As a Muslim woman, when I say I don’t shake hands with men who aren’t family, it is offensive to compare me to known terrorists. My resolve/action puts no one at risk, has not and will not endanger lives. Comparing me to Boko-Haram is wicked dishonesty considering that as a thirty-two-year-old, I started getting western education formally when I was six months old. Insinuating that religion does not matter much to me for studying science is a display of ignorance on the subject as Islamic civilization documents many Muslims whose names I only know have courted, studied and practised science. From astronomy to mathematics to medicine. From Ibn al-Haytham to Al-Biruni to Ibn-Sina.

In the present day, many renowned Muslim scientists keep studying, teaching and practising science; In medicine and in life sciences, globally and nationally.  From Tipu Aziz to Rozina Ali to Hina Shahid to Adeleke Monsuru to Mogaji Hammed. And just why are we in Nigeria and worrying about what a hypothetical white man I have yet to meet will think if he arrives and I refuse to shake hands with him. To give credit where due, no one respects and disrespects civil liberties like a white man. Fortunately, I have known only the population that does. The few times I’ve gotten racially slurred at, it was not by a white person.
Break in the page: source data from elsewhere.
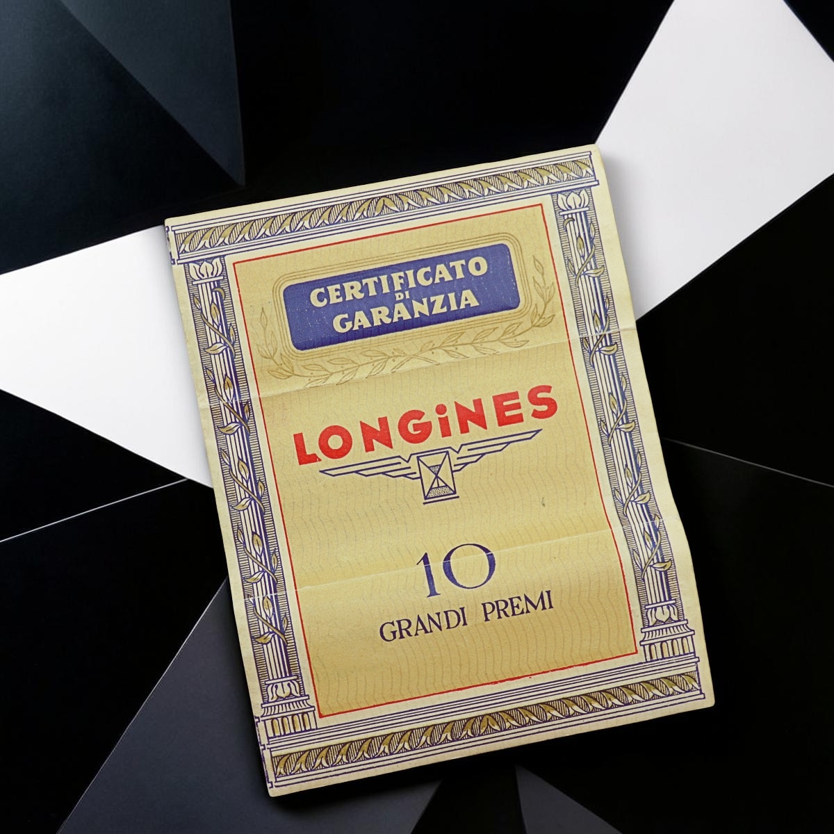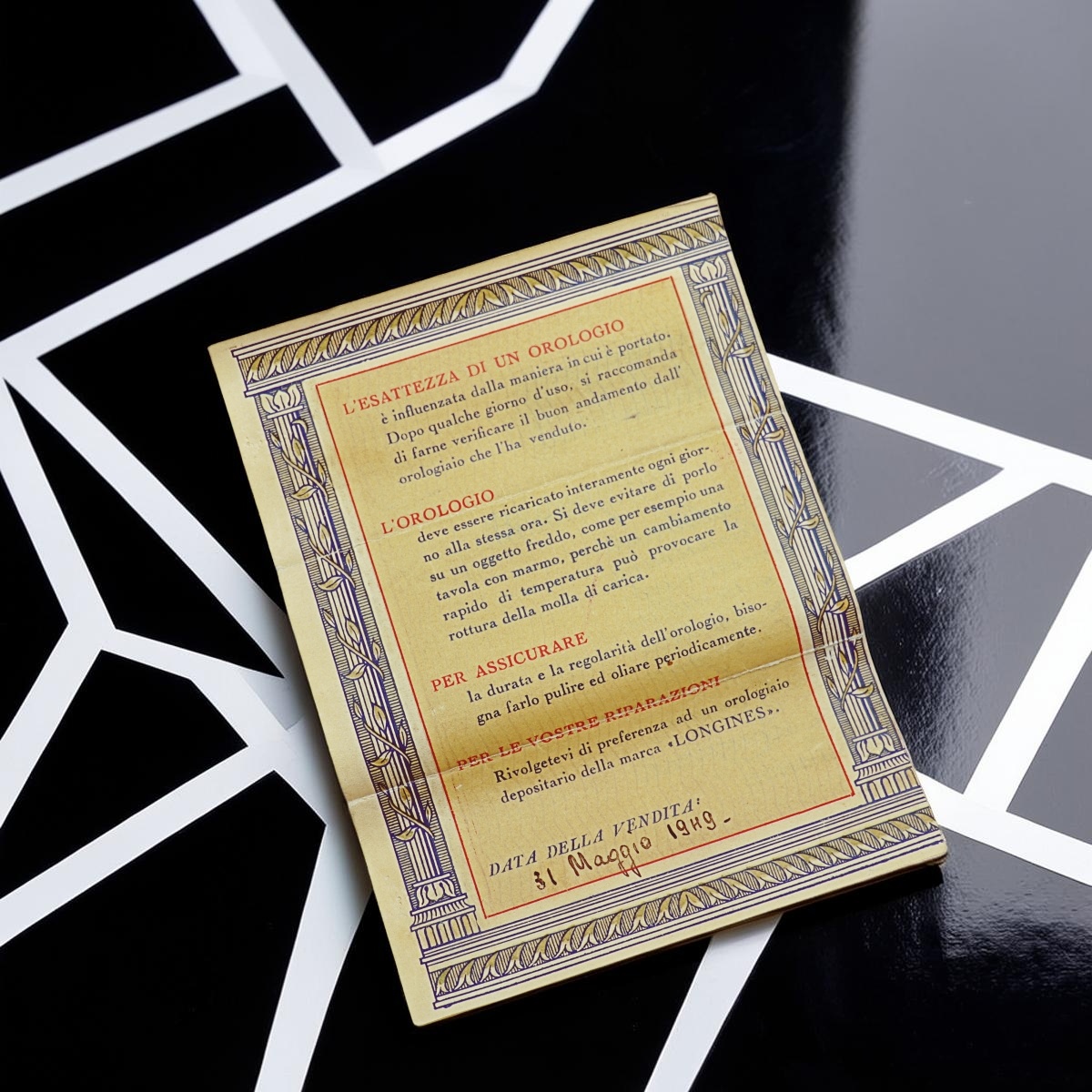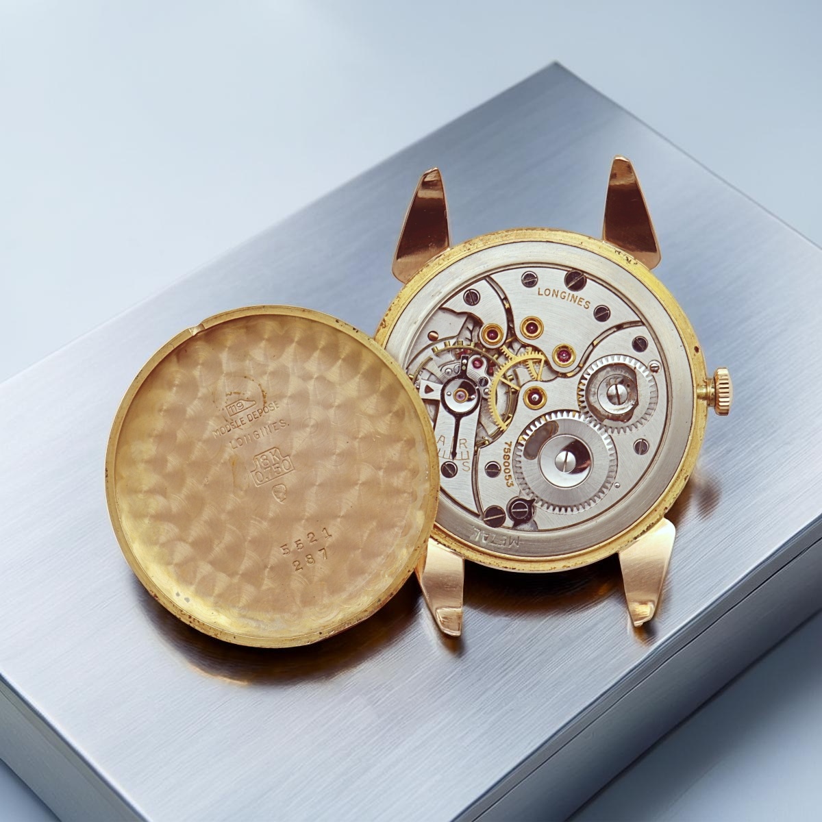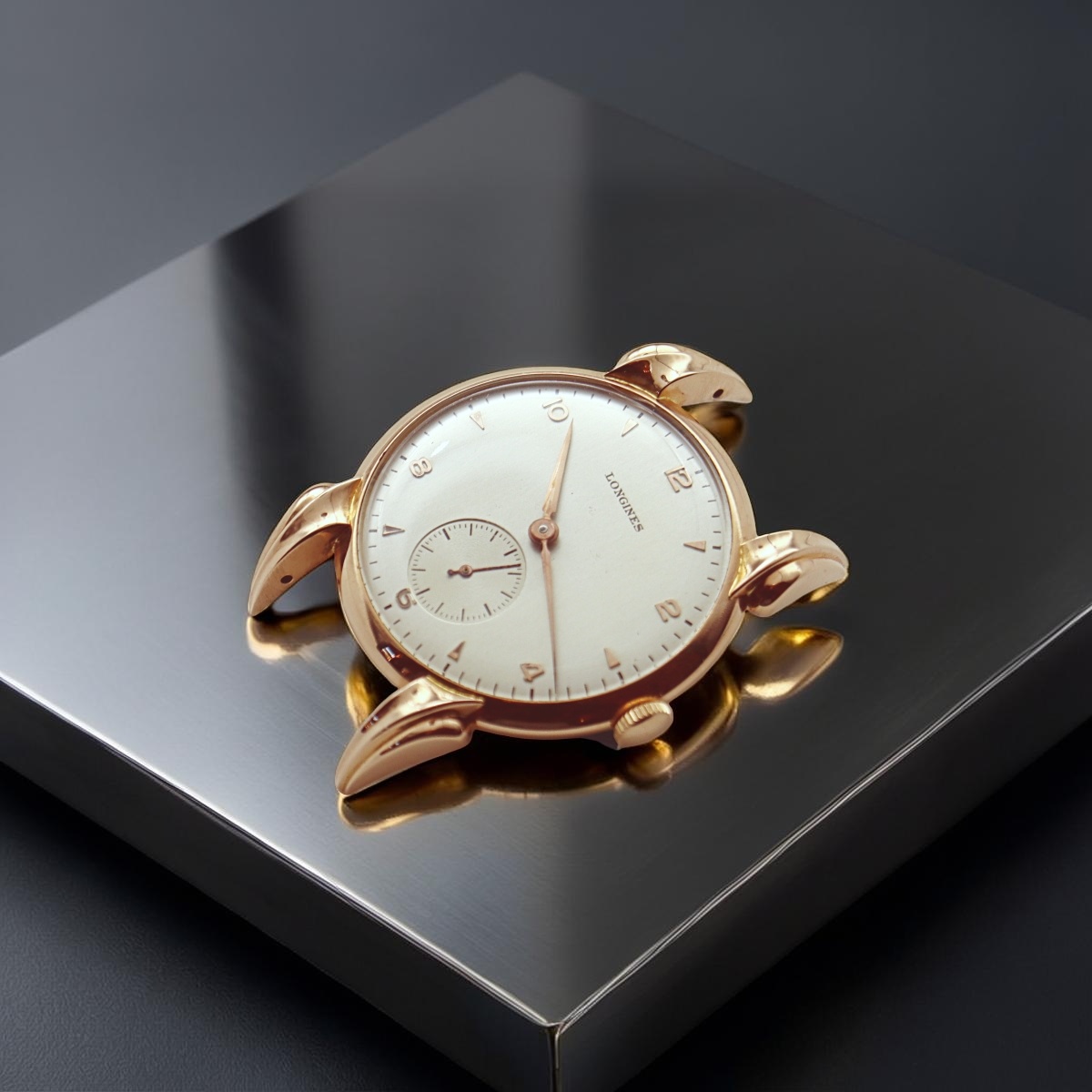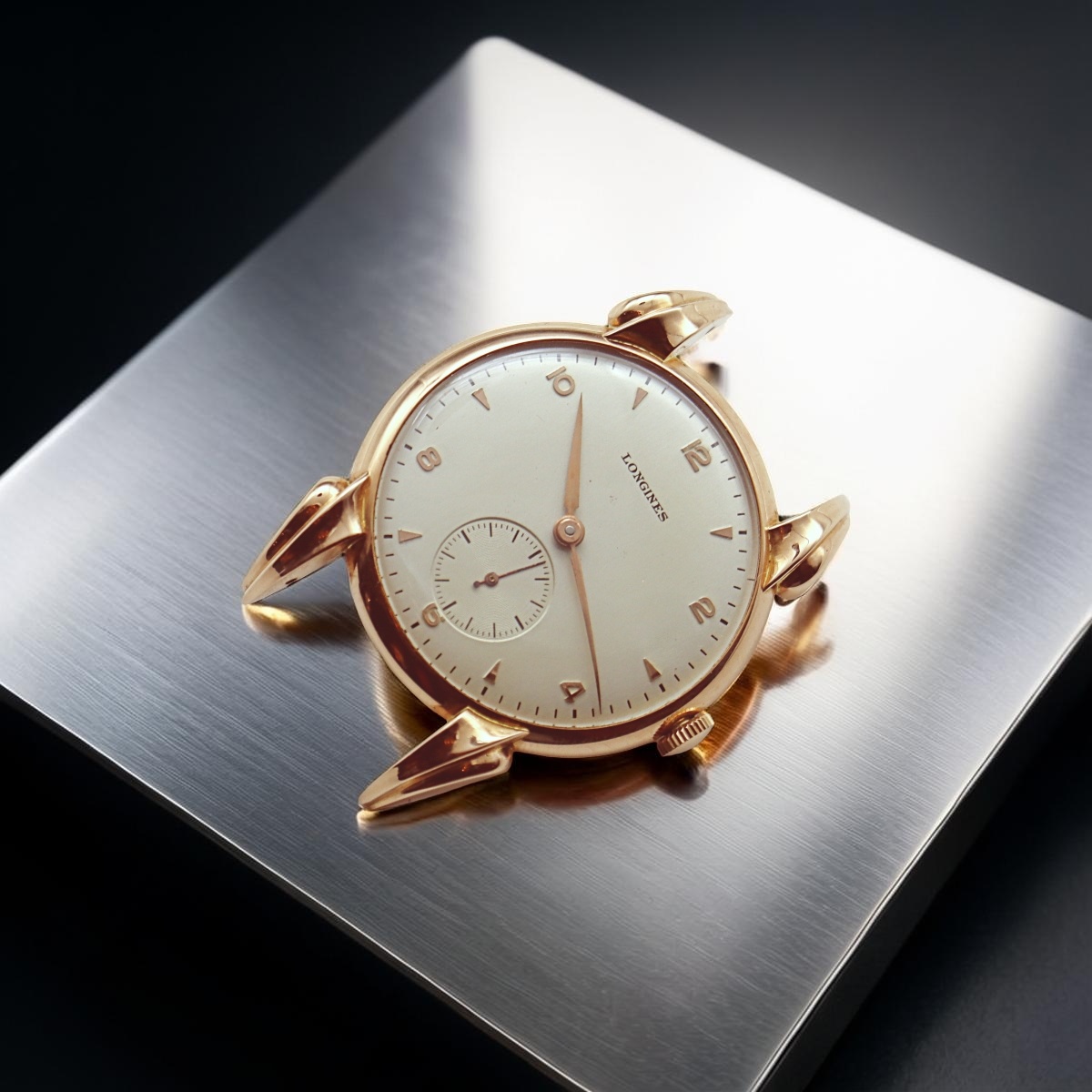 Rare rose gold Longines with double spider lugs, dial with applied indexes and small seconds at six o' clock. Reference 5521 number 287, manual winding caliber 27M, new old stock and full set, year 1949 |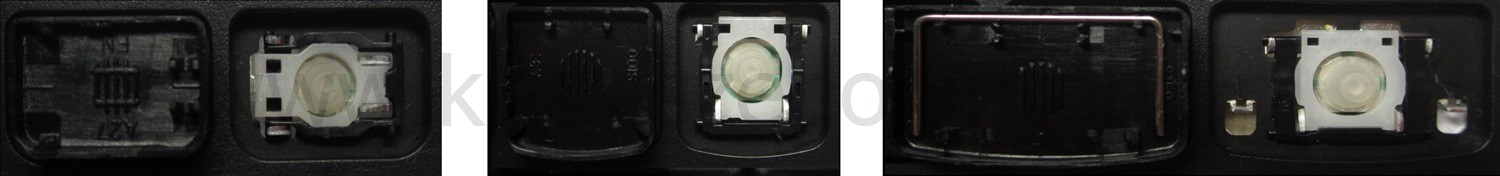 - Om het juiste model te kiezen, vergelijk de lege plek op jouw toetsenbord met de onderstaande foto’s, of verwijder de toets “A” – daaronder zit altijd een middelgrote clip.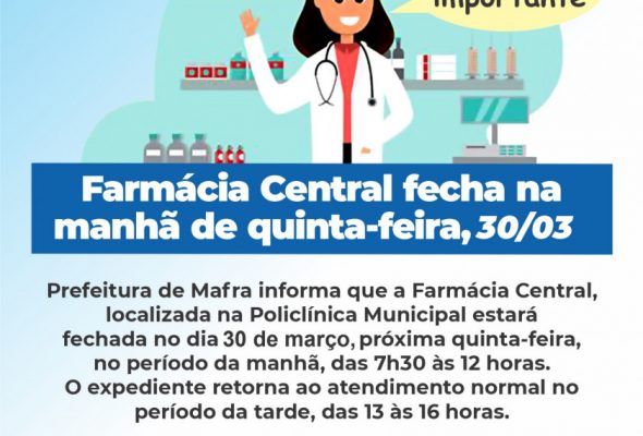 Farmácia Central terá horário diferenciado nesta quinta-feira, dia 30 de março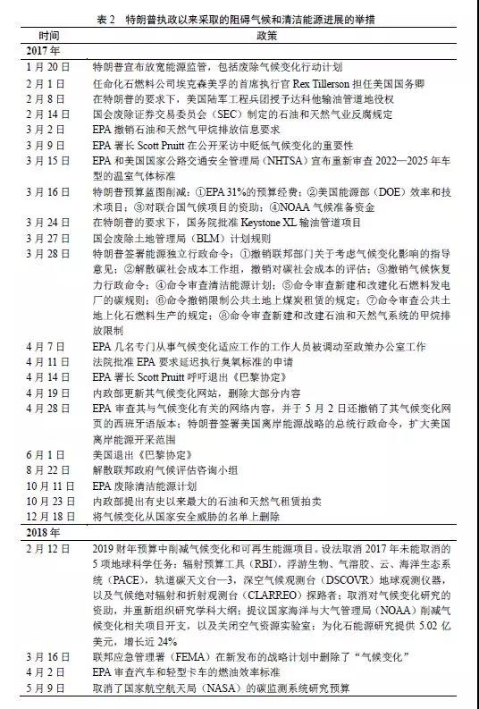 特朗普上台后扭转了奥巴马政府对于气候变化问题的积极政策,从废除清洁能源计划、退出《巴黎协定》、回归传统能源政策、削减气候预算、多渠道降低气候的重要性等方面的措施,导致美国气候政策的全面倒退(表2)。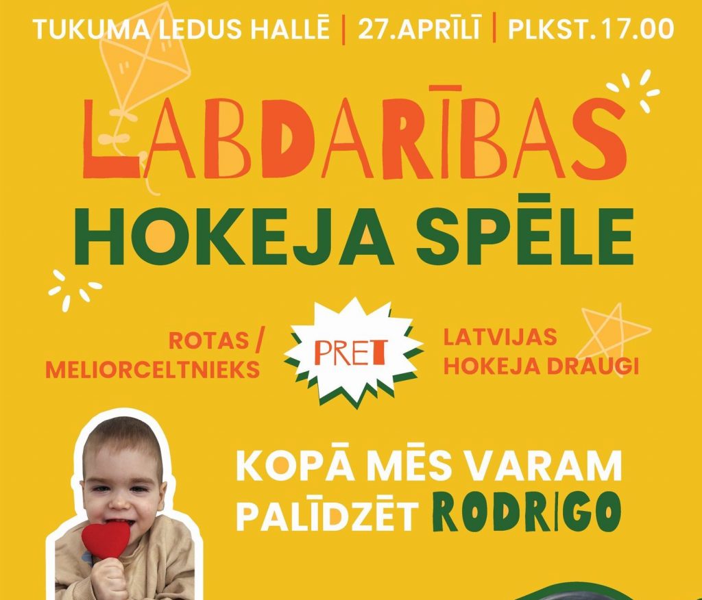 Rodrigo, kuram šī gada 18. aprīlī paliek divi gadi, dzīvo ar smagu diagnozi — bērnu cerebrālā trieka tetraparēze, kas ievērojami ierobežo viņa kustību spējas. Lai uzlabotu savu veselību, Rodrigo apmeklē daudzas terapijas un nodarbības Talsos, Rīgā, Jūrmalā un Tukumā, tostarp audiologopēdijas, suņu terapijas, ABA terapijas un Montesori nodarbības. Rodrigo un viņa mammas lielākais sapnis ir delfīnu terapija, kas ir ļoti efektīva bērniem ar līdzīgām veselības problēmām, taču tās izmaksas ir augstas — aptuveni 7000 eiro par 15 dienām. Spēles laikā HK «Rotas/Meliorceltnieks» sacentīsies ar komandu «Latvijas Hokeja Draugiem», kurā spēlēs pazīstamas personības no sporta un mūzikas pasaules. Ieeja pasākumā būs par ziedojumiem, kas tiks novirzīti Rodrigo terapiju finansēšanai.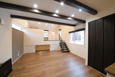 リビングの奥には中二階(スキップ)があり癒しの空間
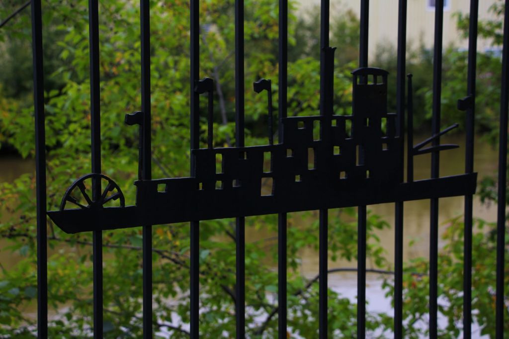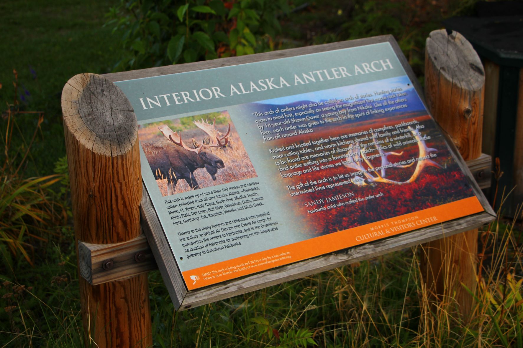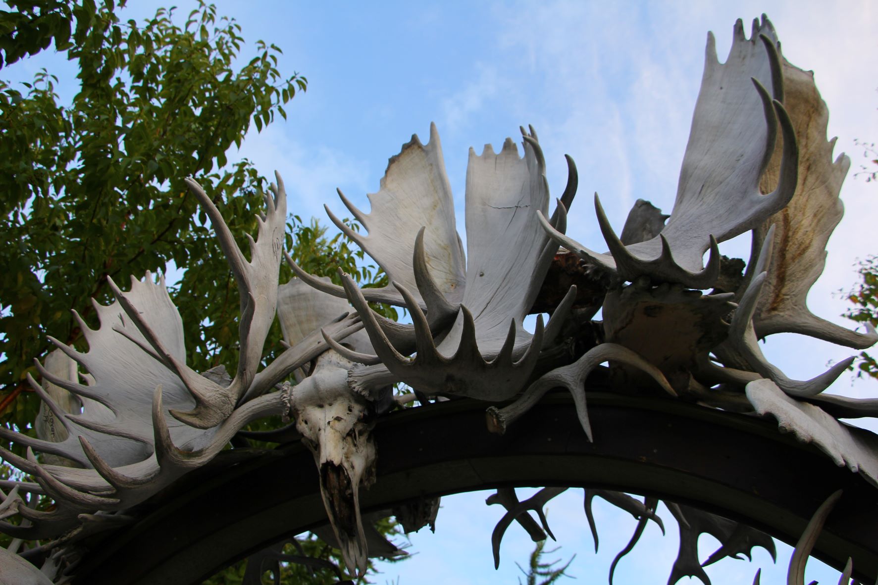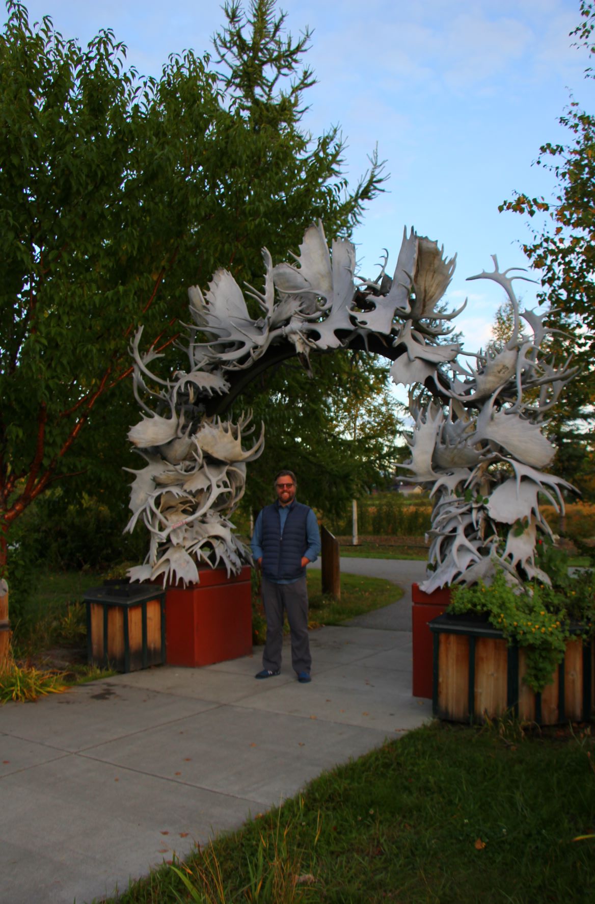 We walked the path along the river, first toward the east and the Alaska Antler Arch at the Morris Thompson Cultural Visitor Center. Made of 100 moose and caribou antlers donated by hunters throughout the interior, this installation was one of Brian’s Roadside America finds and pretty interesting to see.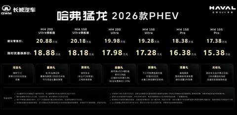 8月19日,新能源方盒子品類開創者,哈弗猛龍2026款正式上市。新車共推出6款車型,限時優惠換新價為15.38萬-18.88萬。同時,新車還推出包括現金禮、置換禮、質保禮在內的7重上市大禮包。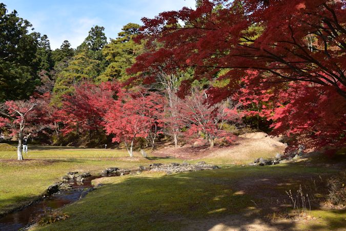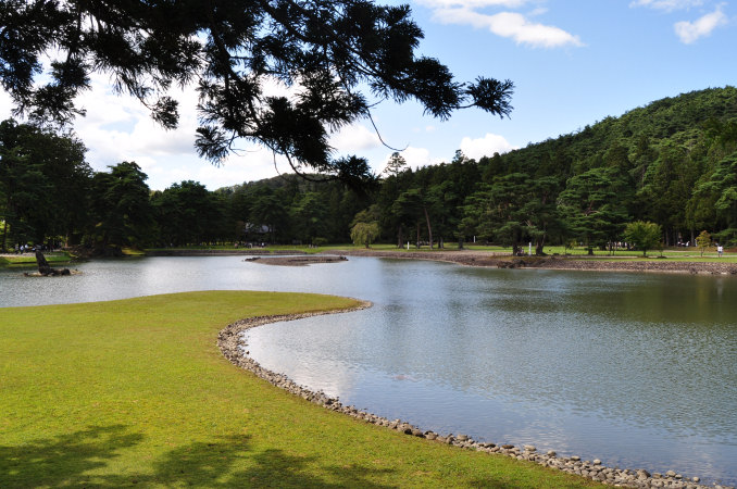 発掘された遺構を元に800年ぶりに復元された平安時代式の庭園。貴族たちが「曲水の宴」と呼ばれる優美な宴を催していました。

No white man has ever extended his hands to me seeing that I don a hijab. Alas! they are taught this as part of ethics according to the Princeton website. Considering we are a society that copies so much, that is something we should totally copy.

I have always wondered about the type of person I want to be. From the mundane to the serious, I have often pondered. I know I want to be successful, I want wealth, I want to be revered for doing kickass science. But the actual type of individual I want to be, I did not quite figure out beyond being good. And I honestly feel it is a good place to start.

However, the ugly ambush that was the highlight of what is a memorable day purported me to define to a T who I really want to become. Regardless of where I may settle. The person I want to be, the person I will keep striving to be, is someone who never ever denies the rights of others. I want to create spaces where everything, especially differences are respected. My right, as that of everyone, ends the minute exacting mine/yours denies that of the other. When I die, I want to be remembered as standing for something. I want my tombstone to read Oyinkansola; we knew where she stood. And standing for what is right, singly, cannot make it wrong. 


Oyinkansola Fadiji

Oyinkansola Fadiji is a cage rattler; a purr girl who is most at peace with donning pants, living unassumingly and being a nomad.